GENES AND HOW TO RESEARCH THEM
Scientists use specialised methods to explore the links between genes and individual differences. Many different research methods are used to test genetic theories, which I have detailed below. First, ensure you understand the following key terms.
KEYWORDS
GENOTYPE:
The genes on the 23 pairs of human chromosomes represent a person's genetic makeup.
A genotype never changes; phenotype can change over time.
An example to illustrate the difference between them.
About intelligence, they may explain that an individual might have an intellectual potential (genotype), but they require environmental stimulus such as education for this to develop.
PKU is an example of a disorder caused by a defective gene resulting in severe learning difficulties. However, if identified early and treated with a special diet, individuals show normal levels of intelligence. Other examples, e.g., schizophrenia
PHENOTYPE:
Genetics and the environment determine a person’s actual/observable characteristics. e.g., physical appearance, behavioural characteristics, personality.
THERE ARE TWO TYPES OF TWINS:
MONOZYGOTIC TWINS: MZ or Identical twins. Twins share the same genetic makeup because they develop from a single sperm fertilising a single egg to create a single zygote, which then divides into two separate embryos before continuing to grow. MZ twins have the same genotype / DNA.

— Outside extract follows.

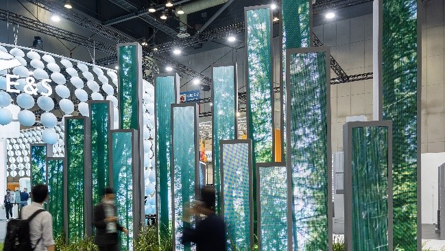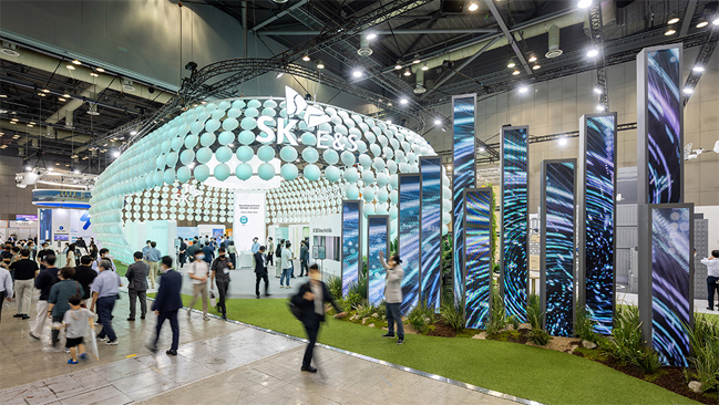 SK E&S 전시관 외관은 에너지 셀(Energy Cell)을 형상화한 독특한 형태로 친환경 에너지들의 유기적 연결을 표현했습니다. 부스 외관을 덮은 약 1,000여 개의 반구는 재생 플라스틱을 활용해 제작된 것으로 SK E&S가 그려 나가는 친환경 에너지 생태계에 대한 의지를 담았습니다.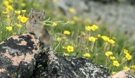 Banner day! The breeze was just enough to keep the mosquitoes honest. I've been wanting to get running or bounding shots of pika and this moring they gave me lots of opportunities. Today also seems to signal the beginning of food gathering for the upcoming winter. I got several great shots of that plus a cute photo of a baby pika smelling a flower before cutting it with his sharp teeth.

DIZYGOTIC TWINS: DZ twins: non-identical twins – or fraternal twins).DZ twins result from two different eggs being fertilised by two different sperm, resulting in two zygotes that grow in parallel. Non-identical twins are no more closely genetically related than any pair of full siblings (that is, sharing, on average, 50 per cent of the DNA that can differ between two people). However, they (conveniently for researchers) happen to be born simultaneously, so we do not need to worry about differences between twins within a pair due to age differences.

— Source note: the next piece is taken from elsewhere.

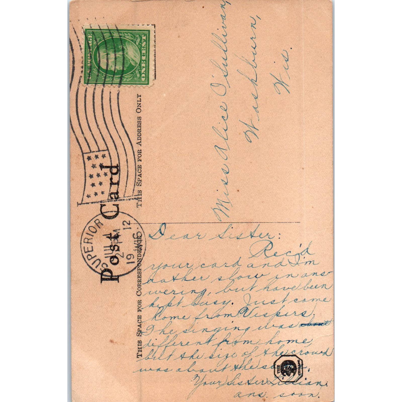 1912 Superior Wisconsin Victorian Lady Flower Hat Original Postcard TK1-P18

NON-EXPERIMENTAL RESEARCH METHODS THAT ANALYSE THE FREQUENCY OF MENTAL ILLNESS IN FAMILIES
PEDIGREE ANALYSIS: A GENETIC FAMILY TREE
A pedigree is a genetic diagram representing a family tree that shows how traits or diseases are passed down through multiple generations. Geneticists use pedigree analysis to trace the inheritance patterns of specific family characteristics, such as genetic disorders. Pedigrees help determine if a trait follows a dominant, recessive, X-linked, or mitochondrial inheritance pattern.

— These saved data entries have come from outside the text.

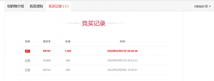 该标的起拍价为800元,参拍需缴纳保证金为100元,每次增价幅度为100元。在拍卖进程中,一共产生了 3轮竞买记录最终以市场价约三折的价格顺利拍出!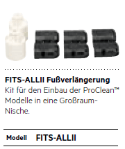 - Fußverlängerungen für die Großraumnische der ProClean-Modelle bis 94 cm sind als Sonderzubehör mit der Bezeichnung FITS-ALLII beim Fachhändler erhältlich.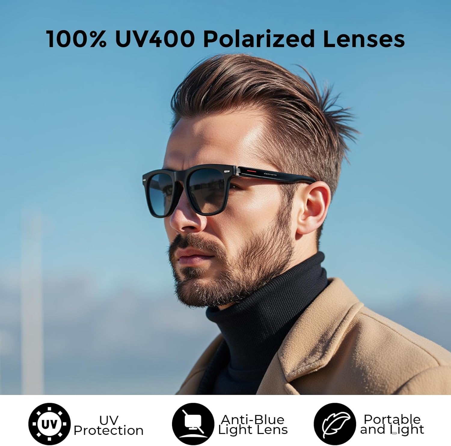 More than just a smart device, these glasses prioritise your vision health. The lenses feature UV Protection to shield your eyes from the sun’s harmful rays during outdoor activities, doubling as stylish sunglasses. Additionally, they include Anti-Blue Light technology, reducing digital eye strain during extended work or screen time. Designed for comfort and all-day wear, these glasses offer the perfect blend of style, technology, and health.

Process: In pedigree analysis, researchers construct a family tree that charts which members are affected by a trait or disease across generations. This allows them to spot inheritance patterns, such as whether the trait skips generations (suggesting recessive inheritance) or is passed more frequently through one sex (suggesting X-linked inheritance). By identifying these patterns, researchers can hypothesise whether a specific gene is responsible and use genetic testing to confirm it.
Example: Before discovering the CFTR gene, which causes cystic fibrosis, pedigree analysis was used to track how the disease was passed down through families, helping researchers understand its recessive inheritance pattern.
LINKAGE ANALYSIS
Linkage analysis is a more specific method for locating the region of a chromosome where a gene associated with a trait or disease is likely to be found. This method builds on pedigree analysis but focuses on tracking genetic markers and DNA sequences with known locations inherited alongside the disease. The principle is that genes located close together on the same chromosome are likely to be inherited together or linked.
Process: In linkage analysis, researchers study families with multiple affected members and analyse the inheritance of genetic markers. They look for markers passed down more frequently with the disease than expected by chance, indicating that the gene causing the disease is near those markers on the chromosome. This narrows down the potential location of the disease-causing gene.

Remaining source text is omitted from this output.